本来企画をするべき人たちに、統治をまかせようとする経営者もいます。これは、良く丸投げなどともいわれています。経営者があまり方向性など示すこともなく、部下に企画を立案させるような行為です。これも、部下が育たなかったり、部下が方針まで決定しなければならない状態に追い込まれ、混乱しいずれ企業が機能しなくなります。

財務省や、日大などは大所帯ですが、明らかに統治と実行が分離されていないので、財務省はまともな財政ができず、日大は今回のような不祥事を起こしてしまいました。

考えてみれば、最近の角界の度重なる不祥事も、統治と実行が区分されていないことに原因があるといえるかもしれません。相撲界の理事会の理事は、相撲取りの経験しかない人が大半です。それで本当に統治ができるのかどうか、はなはだ疑問です。

ものごとが、実行されている、現場を熟知していないと経営者はつとまらないと良くいわれます。それは事実です。しかし、現場しか知らない人は経営者などつとまりません。組織を統治すべき経営者にはそれ以外の知識や経験、洞察力、統合的思考などが欠かせません。
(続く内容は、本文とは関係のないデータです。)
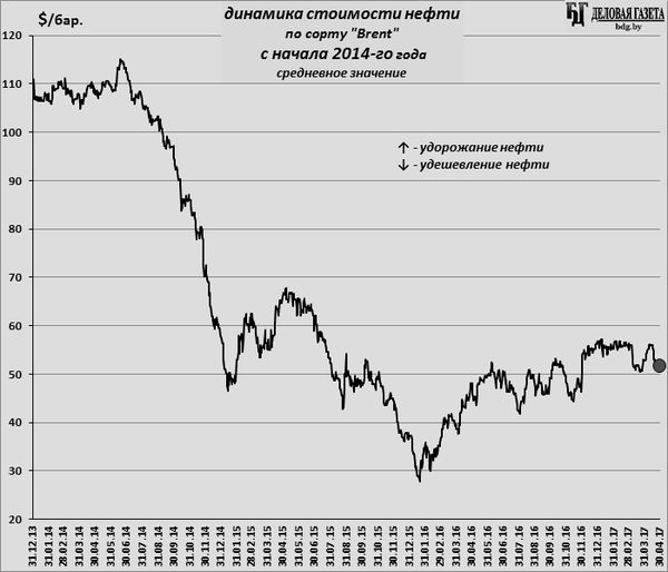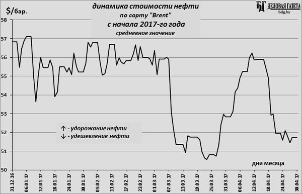 Нефтяные цены первую половину апреля восстанавливались после мартовского падения, поднявшись обратно к уровню 55-56 $/бар. (по сорту «Brent»), на котором они держались с декабря 2016-го, но затем снова упали. Итоговое изменение за отчетный месяц - удешевление нефти на 2,1%: в конце марта было 52,8 $/бар., в конце апреля - 51,7 S/бар.
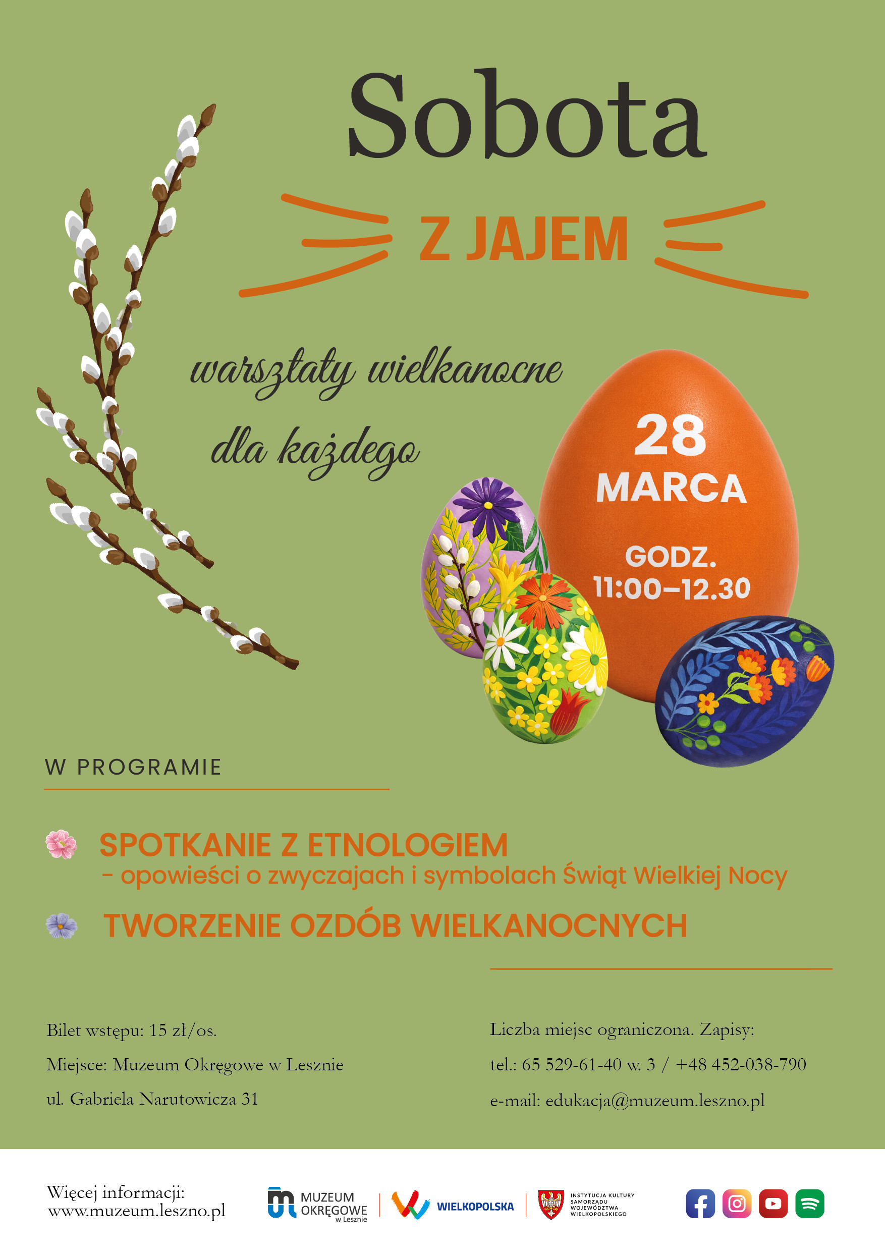 | Miejscowość: Leszno Miejsce: Muzuem Okręgowe w Lesznie, ul. G. Narutowicza 31 Data rozpoczęcia: 28.03.2026 11:00:00 Data zakończenia: 28.03.2026 12:30:00 Organizator: Muzuem Okręgowe w Lesznie Opis wydarzenia: Wraz ze zbliżającymi się Świętami Wielkiej Nocy zapraszamy do wspólnego odkrywania ich wyjątkowej atmosfery – pełnej kolorów i tradycji. To czas, który warto zatrzymać na chwilę i wypełnić twórczym działaniem oraz inspirującymi spotkaniami. Zapraszamy na wyjątkowe, międzypokoleniowe warsztaty wielkanocne, które wprowadzą Was w świąteczny nastrój poprzez twórcze działanie i spotkanie z tradycją. Spotkanie odbędzie się 28 marca 2026, w sobotę sobota, o godz. 11:00, w Muzeum Okręgowym w Lesznie. W programie: spotkanie z etnologiem Tomaszem Rakiem, który opowie o zwyczajach i symbolice Wielkanocy w południowo-zachodniej Wielkopolsce warsztaty plastyczne, podczas których wykonacie własne pisanki, koszyczki i wielkanocne zajączki To doskonała okazja, by wspólnie – z rodziną lub przyjaciółmi – stworzyć niepowtarzalne dekoracje, poznać regionalne tradycje i spędzić czas w twórczej atmosferze Muzeum. Zapewniamy wszystkie materiały oraz wsparcie prowadzących. Zapraszamy dzieci, młodzież, dorosłych i seniorów – każdego, kto chce poczuć magię nadchodzących świąt. |
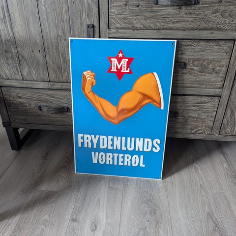 Det er et reklameskilt for Frydenlunds bryggeri, som reklamerer for øl.
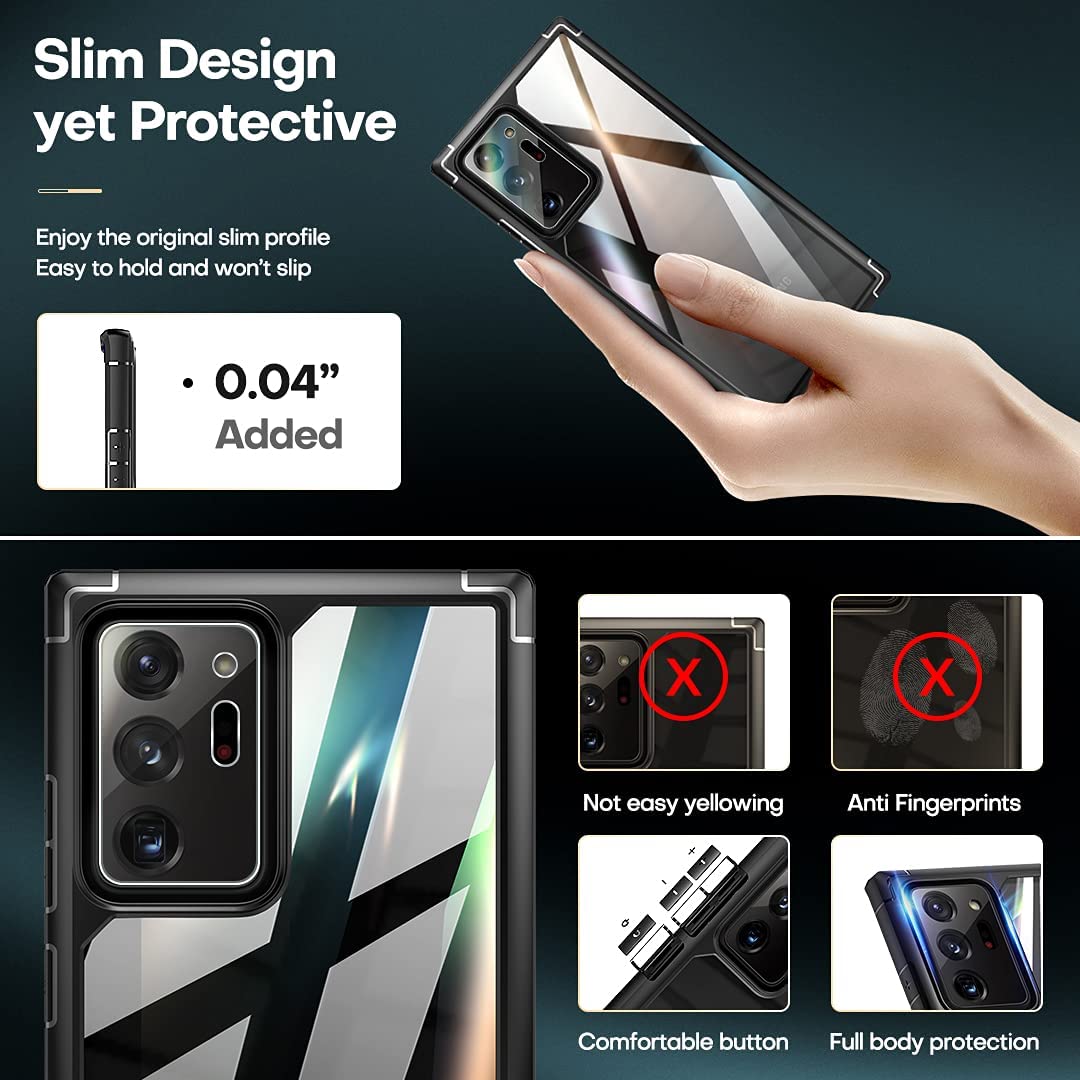 - ★【Slim Design & Comfort Grip】 Minimal bulkiness for max protection designed for Samsung Galaxy Note 20 Ultra to fit in pockets easily. Processed soft frame for enough grip but not sticky.

統治と実行は、厳密に区分されるべきものなのです。この当たり前の原則について、あまりテレビなどで報道されないのは、あらゆる組織において統治に関わる人は圧倒的に少数だからでしょう。さらに学校でもまともに教えられないことにも問題があると思います。

多くの人は、ガバナンス=統治であることくらいは知っているようですが、では統治とは何なのかということを具体的には理解していないようです。何しろ、日本では官僚や政治家、マンモス大学の理事でもそれを理解していないようですから、多くの人が理解しないのも無理はないかもしれません。

しかし、私達は、統治をすべき人がこれを理解していないような組織では今回のような不祥事がいつでも起こり得ることを認識すべきです。これが、問題の本質です。